As filed with the Securities and Exchange Commission on January 28, 2011
Registration No. 333-48306
UNITED STATES
SECURITIES AND EXCHANGE COMMISSION
WASHINGTON, DC 20549
POST-EFFECTIVE AMENDMENT NO. 2 TO
FORM S-8
REGISTRATION STATEMENT NO. 333-48306
UNDER THE SECURITIES ACT OF 1933
Optelecom-NKF, Inc.
(Exact name of registrant as specified in its charter)
Delaware | | 52-1010850 |
(State or other jurisdiction of incorporation or organization) | | (IRS Employer Identification No.) |
| | |
12920 Cloverleaf Center Drive | | |
Germantown, Maryland | | 20874 |
(Address of Principal Executive Offices) | | (Zip Code) |
Optelecom-NKF, Inc. 2002 Employee Stock Option Plan
Optelecom, Inc. 2000 Non-Qualified Stock Option Plan
Optelecom, Inc. Employee Stock Purchase Plan
(Full titles of the plans)
David Patterson
President and Chief Executive Officer
12920 Cloverleaf Center Drive
Germantown, Maryland 20874
(Name and address of agent for service)
(301) 444-2200
(Telephone number, including area code, of agent for service)

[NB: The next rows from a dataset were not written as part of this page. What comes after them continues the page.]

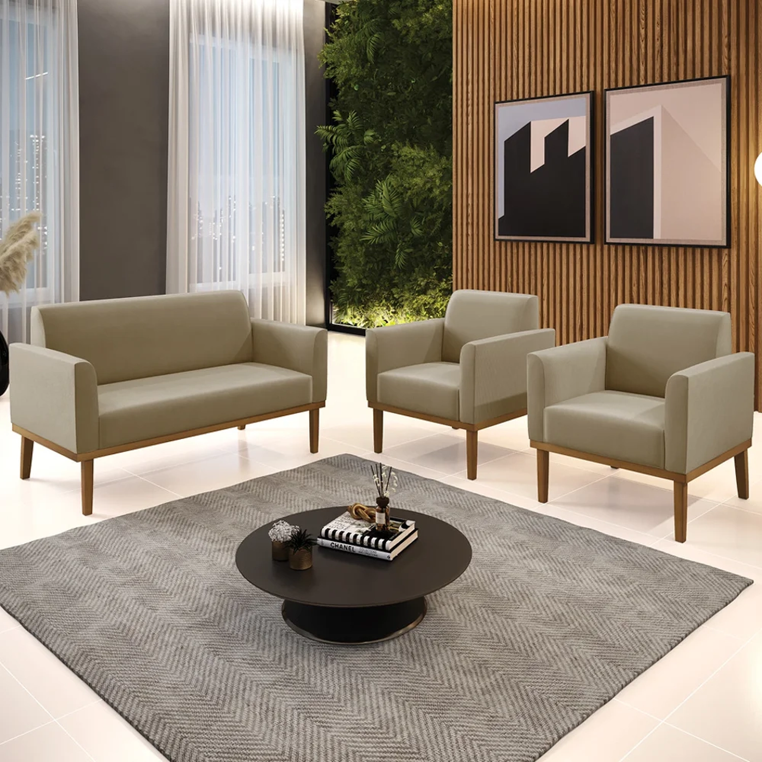 O Sofá Namoradeira e 2 Poltronas Base Madeira Castanho Maressa Suede Marrom RT, da Ibiza é o conjunto ideal para quem busca beleza, conforto e versatilidade. Você pode usar na sua Sala De Estar, recepção ou qualquer outro ambiente que desejar.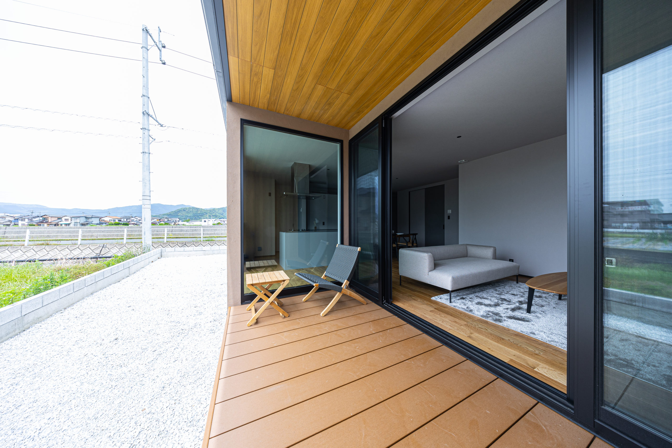 行橋市東大橋 平屋モデルハウス リビングダイニングとつながるウッドデッキ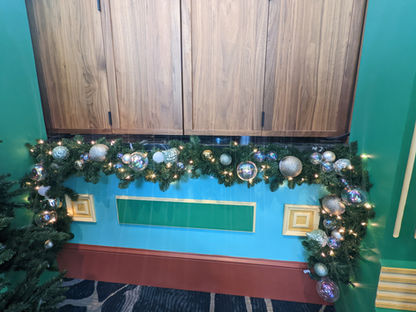 I worked with decorating all the garland for this Bubly Bar project. I used the assigned kits following the desired color scheme to match the work order and design documents as much as possible. A lot of this garland was meant to be very close to guest reach and be prepared to be constantly interacted with so I had a lot of the ornaments double attached to each other and to the wire framing of the garland for extra security.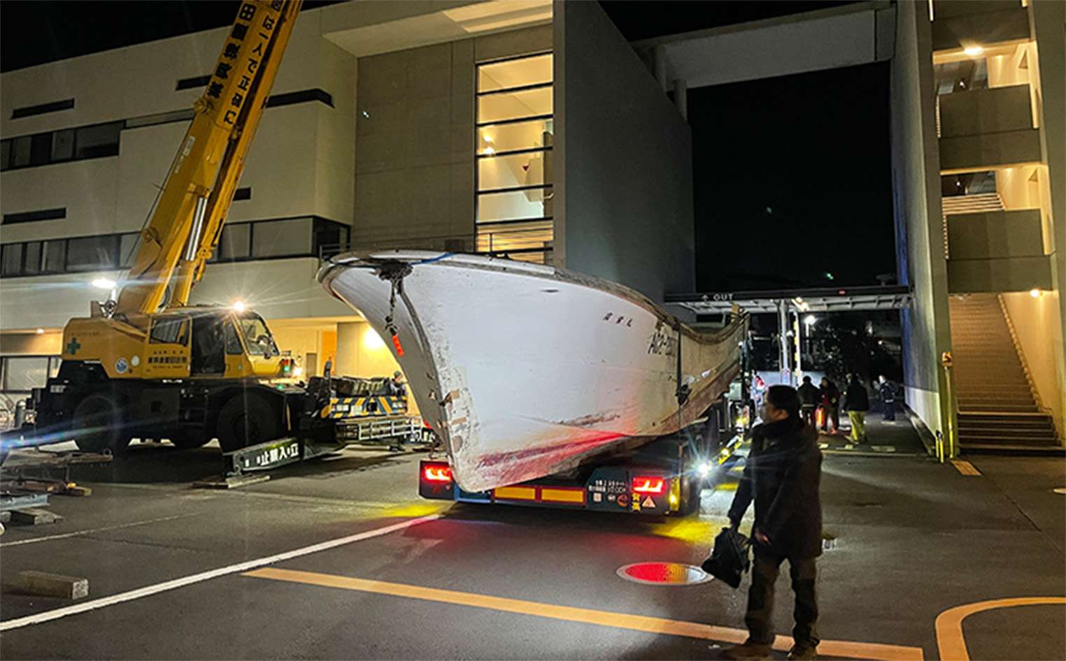The unfinished Shinseimaru prop being brought into TOHO Studios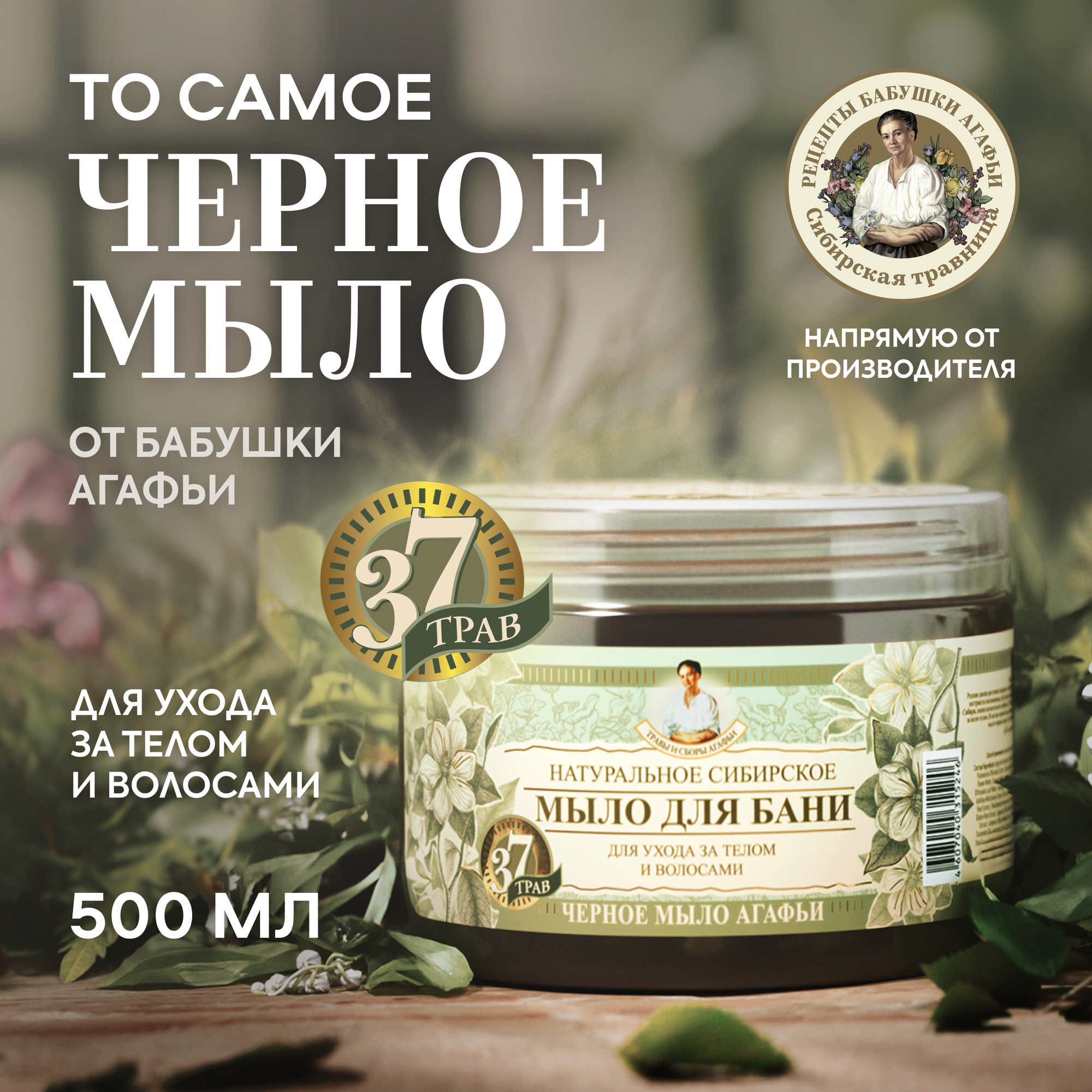Купить Мыло для бани Травы и сборы Агафьи «Натуральное Сибирское», чёрное, 500 мл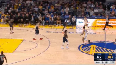 接著戴維斯的掩護,庫里行進中迎著祖巴茨完成拋投。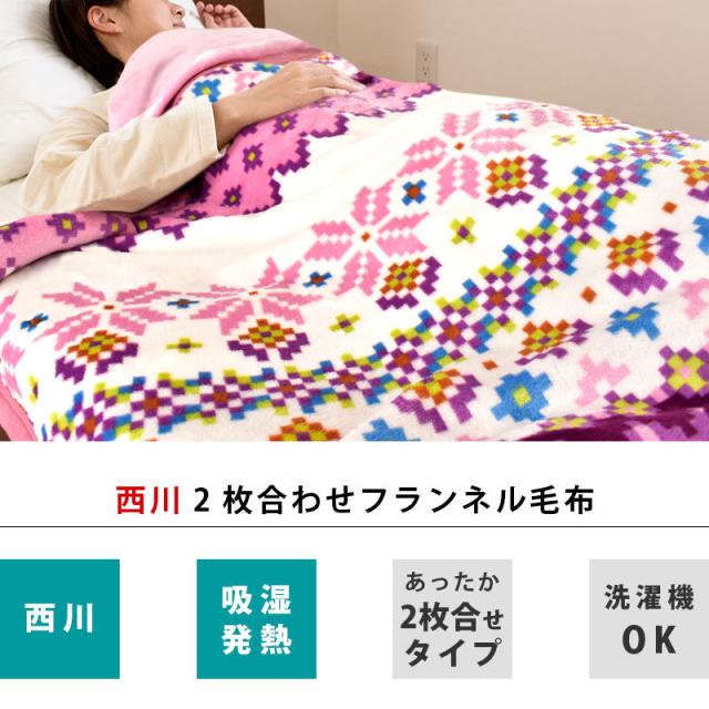 毛布 シングル セット 2枚合わせ 2枚組 西川 フランネル あったか 冬 衿付き 140×200cm 軽量 吸湿発熱 やわらか クリスマス ギフト 暖か 【shiki-kett25】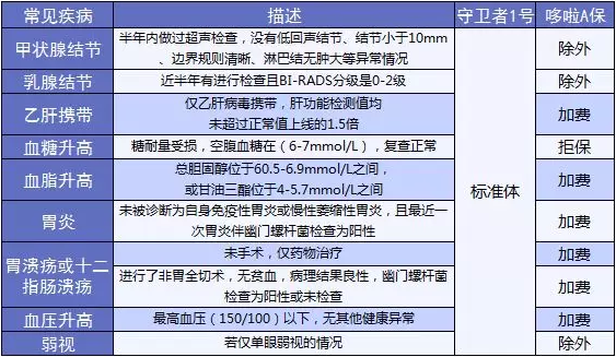 但是,哆啦A保的優(yōu)勢(shì)就在于,大小三陽(yáng)也可以加費(fèi)承保,但守衛(wèi)者1號(hào)就比較嚴(yán)格,直接是拒保。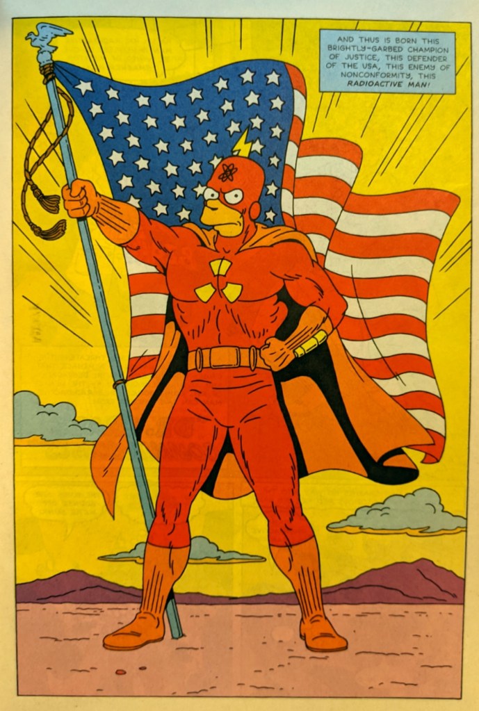 Overall, the parody of the comic featured in the Simpson cartoon is both clever and, at the same time, just another comic released at a time when gimmick covers were all the rage and number one issues were plentiful. Despite all that I think, as a Simpsons fan, it is fun to say I own my own copy of Radioactive Man number one, and that I don’t have to share it with Bart, Milhouse or Martin. Maybe I should get it graded. Would that make it even more meta?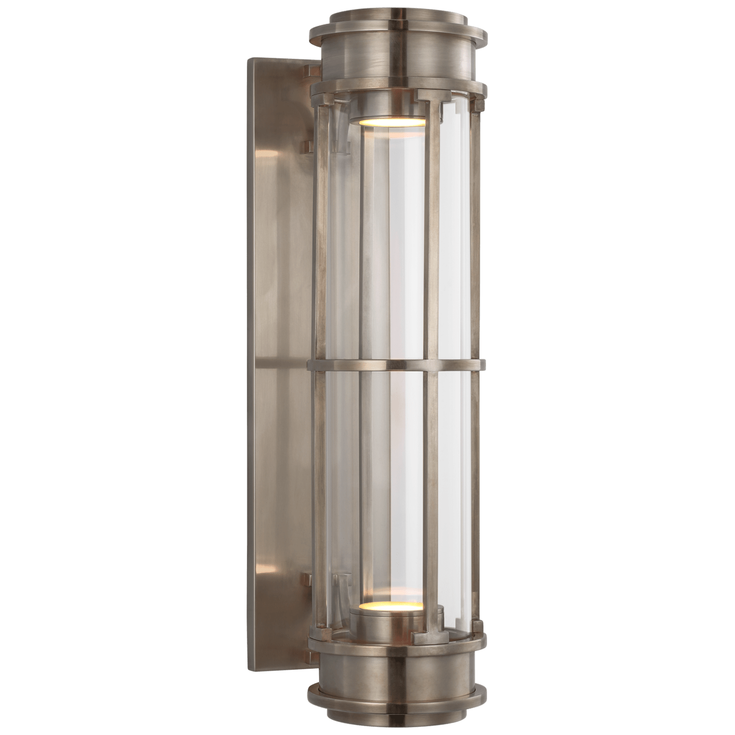 Настенный бра Gracie Sconce CHD 2486AN-CG от американских дизайнеров Chapman и Myers выполнен в виде цилиндрической колбы из стекла, заключенной в переплет из латунных колец и дуг, покрытых никелем. Благодаря необычному дизайну светильник несомненно привлечет восхищенные взгляды ваших гостей.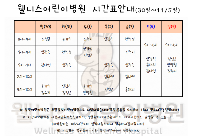 10월30일~11월5일시간표입니다. > 월 진료 시간표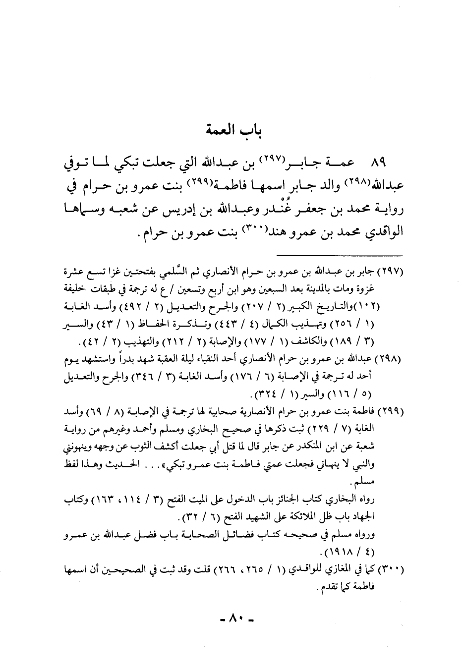 89 - عمَّة جَابر بن عبد الله الَّتِي جعلت تبْكي لما توفّي عبد الله وَالِد جَابر اسْمهَا فَاطِمَة بنت عَمْرو بن حرَام فِي رِوَايَة مُحَمَّد بن جَعْفَر غنْدر وعبد الله ابْن إِدْرِيس عَن شُعْبَة وسماها الْوَاقِدِيّ مُحَمَّد بن عَمْرو هِنْد بنت عَمْرو بن حرَام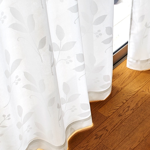 オフホワイトシンプルな大判のリーフ柄が美しい、ミラーレースカーテンです。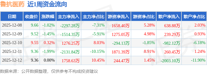 资金流向数据方面,本周鲁抗医药主力资金合计净流出2908.58万元,游资资金合计净流入4755.18万元,散户资金合计净流出1846.6万元。本周资金流向一览见下表: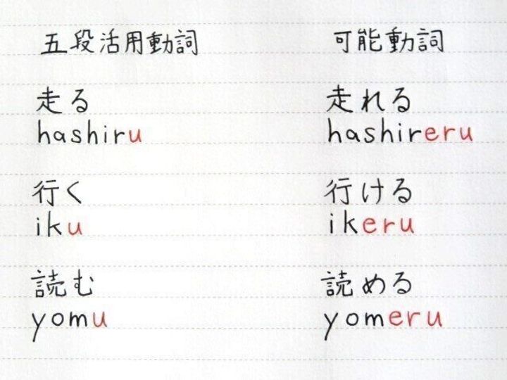 そこで五段活用の終止形から「u」の音をとりかわりに「eru」の音を加えることで可能の意味をあらわすことにしました。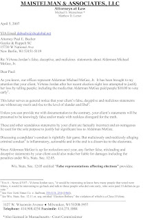 Since Alderman McGee is up for reelection next year, any further false, misleading and deceptive statements by your client could also make her liable for damages including the penalties under Wis. Stats. Sec. 12.05.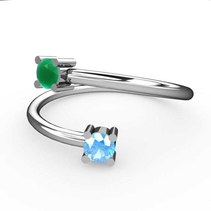 Kök zümrüt ve akuamarin 14 ayar beyaz altın yüzük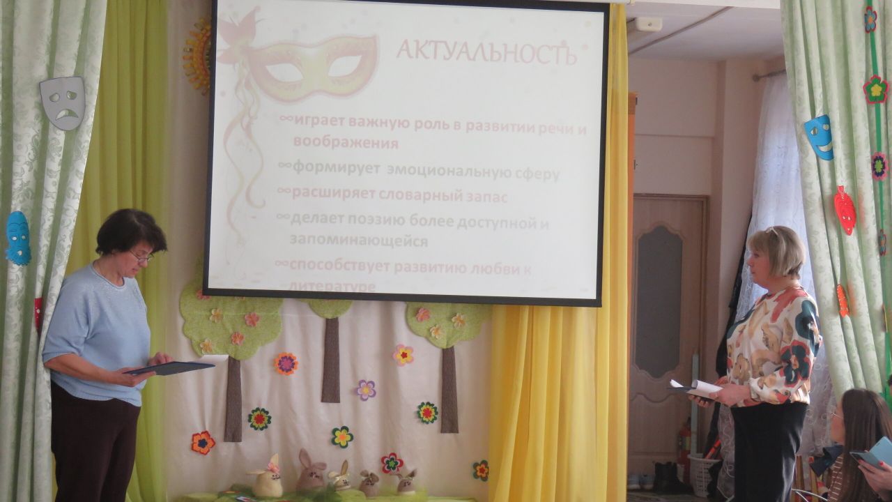 26 марта состоялся Педагогический совет № 3 по теме "Театральный калейдоскоп". Старший воспитатель Вера Иосифовна подвела итоги работы педагогического коллектива по реализации годовой задачи учреждения, провела игры и этюды. На мероприятии выступили с опытом работы педагоги: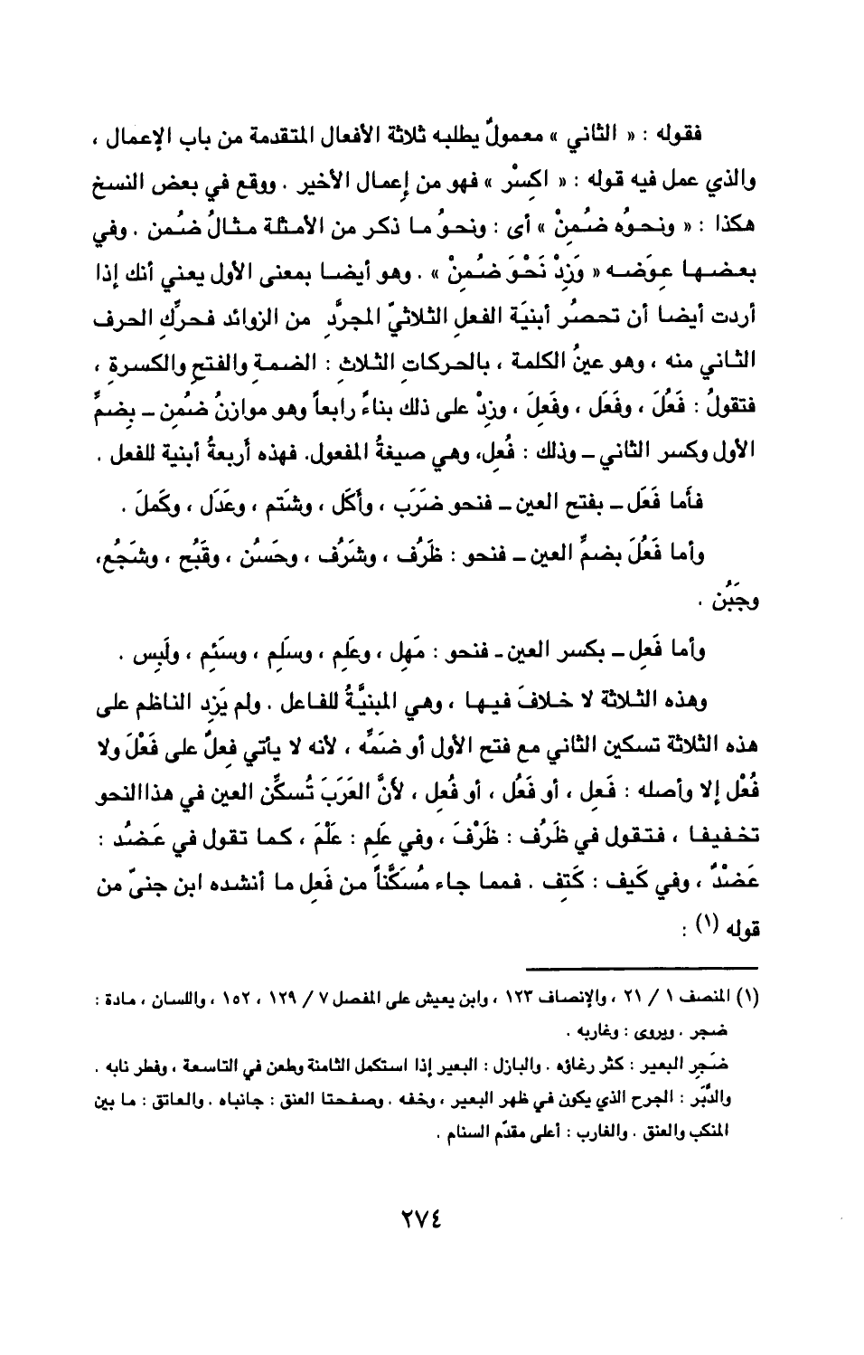 وأما فَعُل بضم العين فنحو ظَرُف وشَرُف وحسن وقبح وشجع

Indicate by check mark whether the registrant is a large accelerated filer, an accelerated filer, a non-accelerated filer, or a smaller reporting company. See the definitions of “large accelerated filer,” “accelerated filer” and “smaller reporting company” in Rule 12b-2 of the Exchange Act.
Large accelerated filer o | | Accelerated filer o |
Non-accelerated filer o | | Smaller reporting company x |
(Do not check if a smaller reporting company) | | |
TERMINATION OF REGISTRATION
This Post-Effective Amendment relates to the following Registration Statement on Form S-8 filed by Optelecom-NKF, Inc. (the “Registrant”) with the Securities and Exchange Commission (the “Registration Statement”):
· Registration No. 333-48306 filed on Form S-8 on October 20, 2000, registering 300,000 shares of Common Stock issuable under the Optelecom, Inc. 2000 Employee Stock Option Plan and 200,000 shares of Common Stock issuable under the Optelecom, Inc. Employee Stock Purchase Plan, as amended by Post-Effective Amendment No. 1 filed on August 23, 2004, registering 200,000 shares of Common Stock issuable under the Optelecom, Inc. 2002 Employee Stock Option Plan.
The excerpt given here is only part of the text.